Equal care not always preferred way to go
By Betsy Hart
I’m always curious when I find incredibly well educated, credentialed people, very often women, who think that women are really stupid.
So I marveled as I read this week’s New York Times cover story,
“When Mom and Dad Share it All” by Lisa Belkin. The bottom line? Truly evolved married couples split all childcare, household work, and paid work, equally. Period. That might not “work” for every couple, but it should be the high hope of all.
Literally.
Francine Deutsch, a psychology professor at Mount Holyoke College and author of “Halving it All: How Equally Shared Parenting Works,” believes, according to Belkin, that “equality in parenting should be every couple’s goal.” Equality being defined as equal time, sharing of tasks, etc.
I asked a dear friend of mine, a married full-time mom of 5 whose husband is very involved in their family’s life and the chores it takes to keep it going, what she thought of the piece. What about literally, equally “sharing” everything, from paid work to childcare?
Her answer? “Are these people nuts — why would I want to do that?” Among other things, she fully admits she wants to be the one who is most responsible for her home and kids right now.
Apparently, my friend is SO unevolved.
Influence
Then again, responsibility confers influence. Is that really such a bad bargain? Like I said — we are not stupid.
(Oh, did I mention she has an engineering degree from one of America’s foremost engineering schools, and an MBA from one of its top business schools?)
Men are doing more around the home than 30 years ago, but Sampson Lee Blair, who studies the division of work in families, says that what’s amazing (read: horrifying) is that the ratio of work that men and women do when it comes to child care in particular has not changed much in 90 years.
Memo to Belkin, Blair, Deutsch and friends: I’m not suggesting that the division of labor isn’t a source of conflict in many homes, but we women are not stupid, and if we, en masse, actually wanted total and complete “equality” when it comes to dividing household and childcare chores, the situation would change.

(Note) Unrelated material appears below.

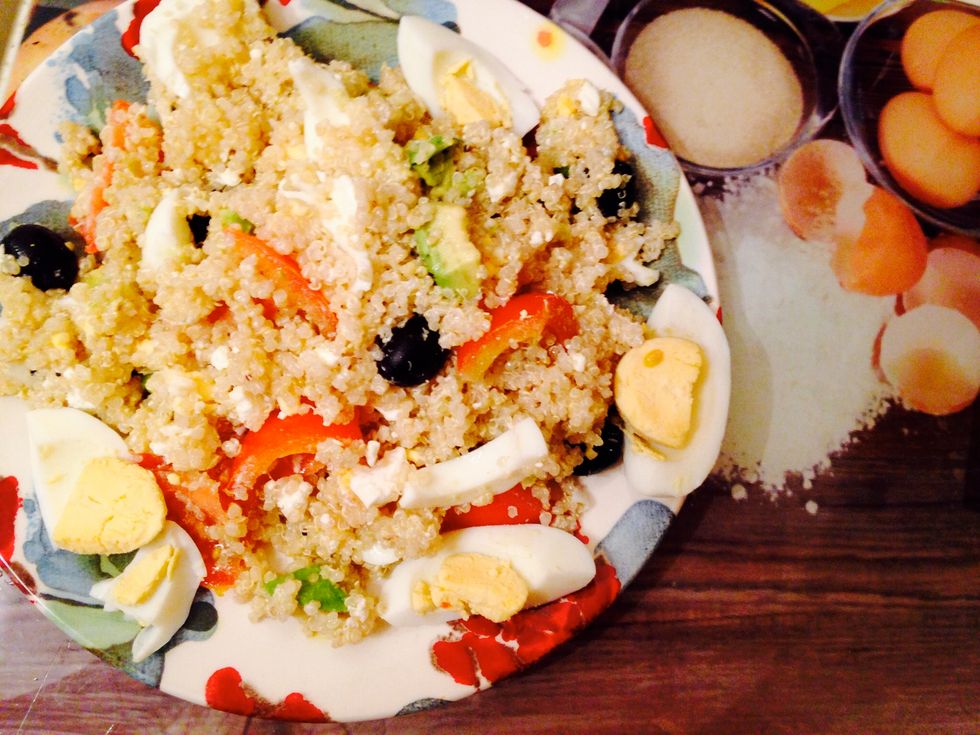 Hearty quinoa salad with eggs, feta cheese, avocado, tomatoes and olives.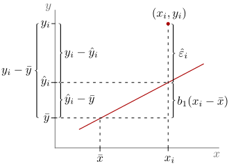 In contrast to the disturbance variables, residuals (Latin residuum = "the one left behind") are calculated variables and measure the vertical distance between the observation point and the estimated regression line. Sometimes the residual is also referred to as the "estimated residual". This naming is problematic because the confounding variable is a random variable and not a parameter. It is therefore not possible to speak of an estimate of the disturbance variable.

No women in history have had the choices that middle and upper class American women do today. Work? Family? Both? High powered job or, far more likely, something that will free us up to take care of kids (i.e., it’s no accident most teachers are women), the choice, in the main, is ours.
Do you hear that? Choice. Gasp. And the vast majority of us who can afford to choose will choose to be the primary caretakers of our homes and families, particularly when our kids are young, and whether or not we work for pay, because that’s how we are wired and that is what we want to do. These things give us incredible satisfaction, whereas men are more wired to derive satisfaction and sense of worth from their paid work. (Does anybody really need a study to back this up, or can we all just offer a collective “duh?”)
I am all for women working for pay, by the way. I think when we women don’t do that at all we may pour too much of ourselves into our family life in a way that isn’t healthy. And I am REALLY all for guys helping out around the house and with the kids. More than anything, it’s a way for a man to be connected to and integrated into his family’s life.
(As a single mom of 4 who does it all the time, I personally think household help would be awesome.)
Figure it out
But mostly, I’m just for people figuring out, or trying to figure out, what works for them, and being allowed to choose what most of us are wired to choose without being condescended to by the elites and told our choices aren’t “enlightened.”
Of course, I can’t help but wonder what the elites would say to our friends across the pond that recently looked at the same issue, but from just a slightly different perspective. Forget the enlightened male. A few weeks ago, The Times (of London) on-line reported on a study focusing on married men. Pay attention, guys. The headline of the piece was directed to you: “If You Want More Sex, Do the Dishes.”
X Betsy Hart hosts the “It Takes a Parent” radio show on WYLL-AM 1160 in Chicago.